A few weeks ago I blogged about Down’s syndrome, and this week about cancer and cancer cytogenetics. I’ve spotted loads of things I neglected to mention about cancer, but there’s one thing I deliberately left for another post, because it’s something I’m less familiar with and wanted to read a little about. When discussing cancer cytogenetics one usually thinks of the oncogenic effects of aneuploidy and structural aberrations. Certainly, chromosomal aberrations will upset the finely balanced relative concentrations of gene products, and possibly also expose harmful recessive genes, and are therefore very likely to cause disease. They are not guaranteed to cause cancer, however. Indeed, occasionally, it seems that chromosomal aberrations can have a tumour suppressive effect. In a post on Peter Duesburg’s cancer origins hypothesis at Respectful Insolence, Orac mentioned a review in Cancer Cell about the tumour suppressive effect of aneuploidy.Unfortunately, I can’t get it on Athens, so haven’t read beyond the abstract, but I get the impression that it may refer to a tumour suppressive effect of aneuploidy accumulated after transformation (from normal to cancerous cell line) has already occurred.
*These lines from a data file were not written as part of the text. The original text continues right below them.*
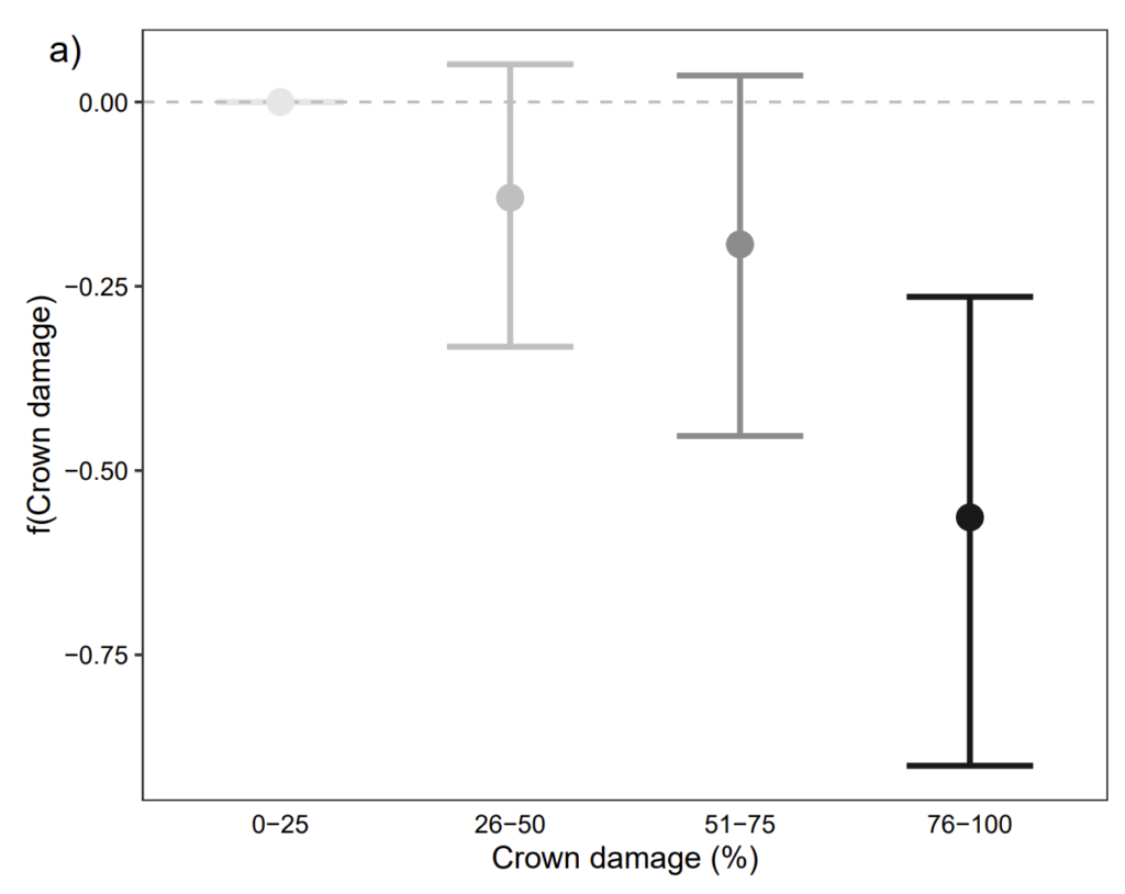 When comparing radial growth of canopy trees that survived the compound event, we found that their growth over a period of 6 years after the ice storm was equal or greater than in the period before the event. In particular, broadleaf trees with the crown damaged up to 75 % did not show evidence of consistently lower growth than undamaged trees.
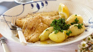 Søtunge med nye kartofler og smørsovs
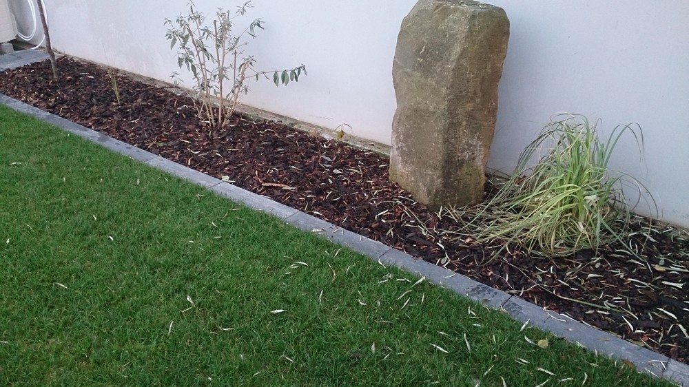 - mit Rollrasen,Pflasterungen, Mähkante, automatische Bewässerung und Mähroboter
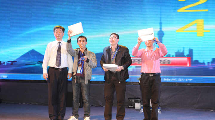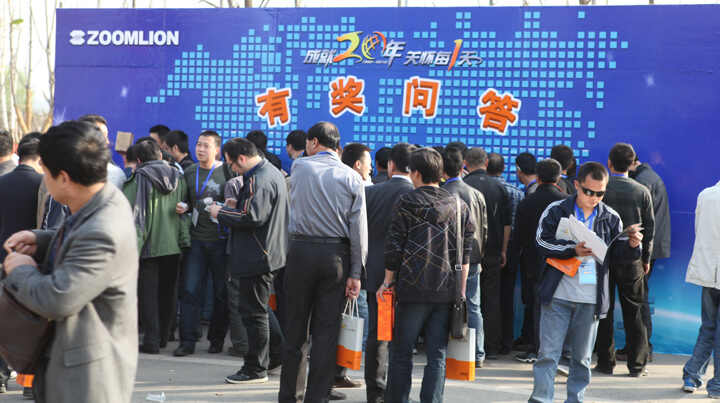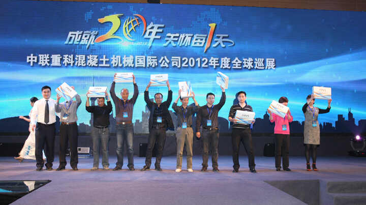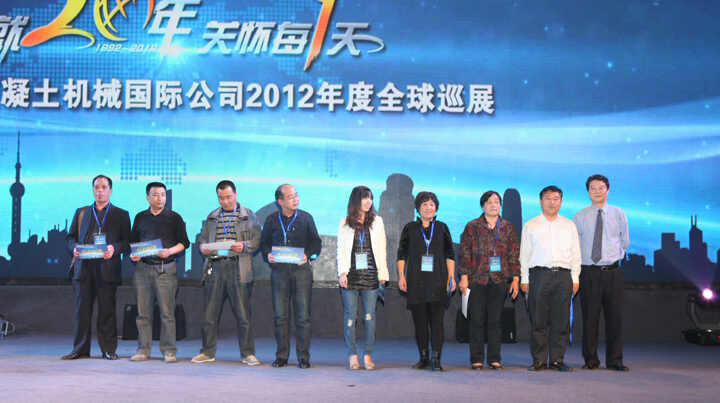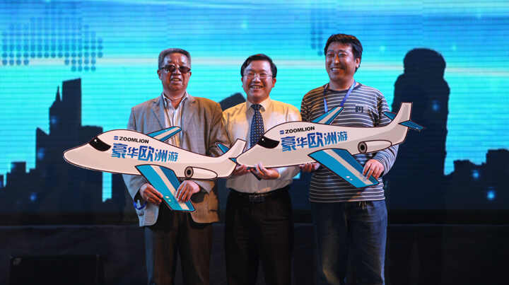 中聯(lián)重科混凝土機(jī)械國際公司副總經(jīng)理陽昌康與驚喜大獎(jiǎng)20萬元代金券得主合影
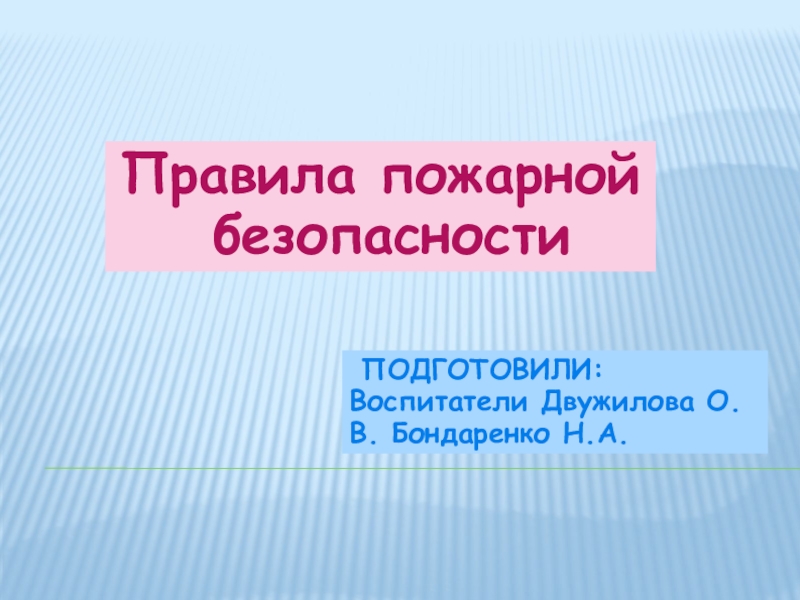 Правила пожарной безопасности ПОДГОТОВИЛИ:Воспитатели Двужилова О.В. Бондаренко Н.А.
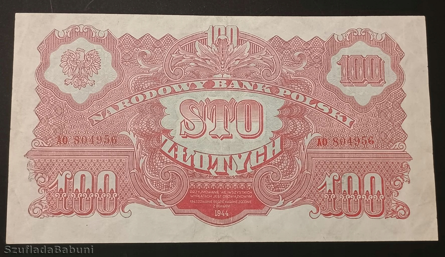 Банкнота номиналом 100 злотых 1944 года серии АО.
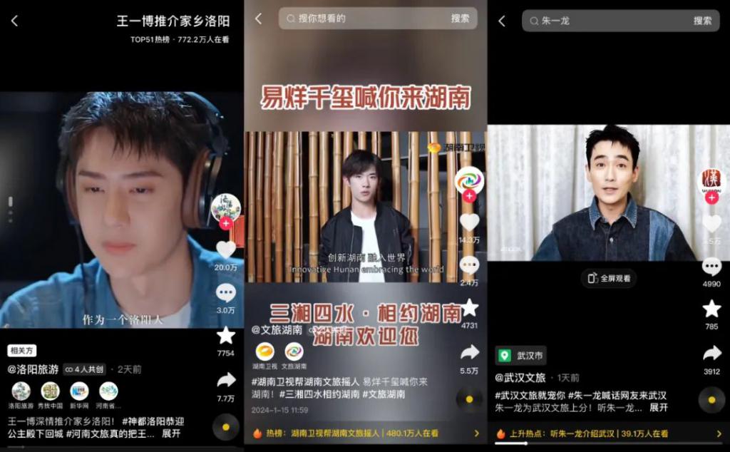 不仅美食、美景,明星资源也是吸引游客的有力招牌。因此,各地文旅局连夜开启了摇人模式,借明星效应扩大影响力。河南文旅局请到了王一博站台,重庆喊来了肖战宣传,河北文旅喊话赵丽颖,浙江文旅请来了周迅、内蒙古摇到了玲花。
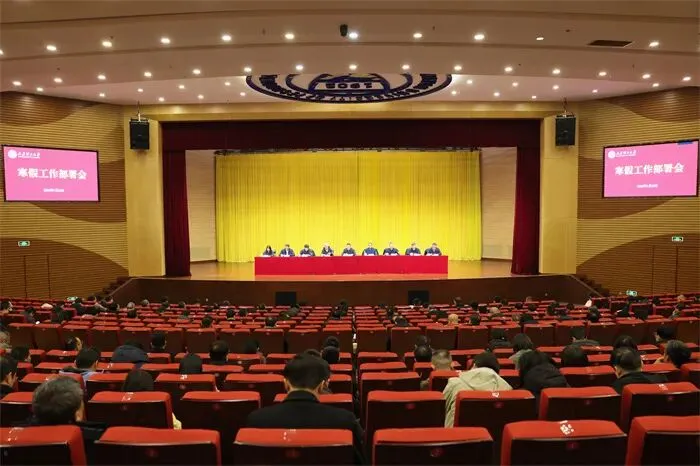 1月26日下午,学校在明向校区学生活动中心报告厅召开2026年寒假工作部署会,全面安排假期重点工作。校党委书记沈兴全、校长孙宏斌出席会议并讲话。校党委常委、省纪委监委驻校纪检监察组组长李晓谦,校党委常委、副校长王志华分别就廉洁纪律和校园安全作出部署。全体在校校领导、副处级以上干部参加会议。会议由校党委常委、副校长任喜莹主持。

However, a more established tumour suppressive effect of trisomy is observed in Down’s syndrome. The life expectancy for DS is around 40, but has been rising, such that the effect of the trisomy on diseases of old age, such as cancer, can now be observed. The incidence of haematological (leukaemias) and soft tissue cancers is raised in DS, but the incidence of solid tumours is reduced, suggesting that chromosome 21 carries gene(s) with tumour suppressive effects. Further evidence of this comes from the observation of loss of heterozygousity of parts of chromosome 21 in many tumours – for example, caused by monosomy/partial monosomy, or other mistakes of cell division.
Solid tumours have to overcome a hurdle that haematological cancers do not: they need a blood supply to maintain their oxygen and energy sources. The growth of new blood vessels, angiogenesis, requires the cooperation of the cells that line existing blood vessels. Without the ability to stimulate those cells into producing new vessels, the tumour won’t get far. Endostatin (a product of collagen XVIII) is one of several inhibitors of angiogenesis, and its average blood serum concentration in DS is elevated (though the variation within groups is huge, which is also interesting). Its chromosomal location? 21q22.3, right next to the Downs Syndrome Critical Region (DSCR). Its tumour suppressive effect (assuming this is the tumour suppressor) is probably through disruption of vascular endothelial growth factor (VEGF, which stimulates angiogenesis) signalling. Unfortunately, it doesn’t look like endostatin works as a cancer treatment.
- ^ Peter Duesberg, chromosomal chaos, and cancer: An intriguing hypothesis argued poorly
- ^ Beth A.A. Weaver, Alain D. Silk, Cristina Montagna, Pascal Verdier-Pinard and Don W. Cleveland. 2007. Aneuploidy Acts Both Oncogenically and as a Tumor Suppressor. Cancer Cell 11:25-36. PubMed, Full Text.
- ^ Todd S Zorick, Zan Mustacchi, Silvia Yumi Bando, Mayana Zatz, Carlos Alberto Moreira-Filho, Björn Olsen and Maria Rita Passos-Bueno. 2001. High serum endostatin levels in Down syndrome: implications for improved treatment and prevention of solid tumours. European Journal of Human Genetics 9:811-814. Full Text.
- ^ Kulke M H et al. 2006. Phase II study of recombinant human endostatin in patients with advanced neuroendocrine tumors. J. Clin. Oncol. 24:3555-3561.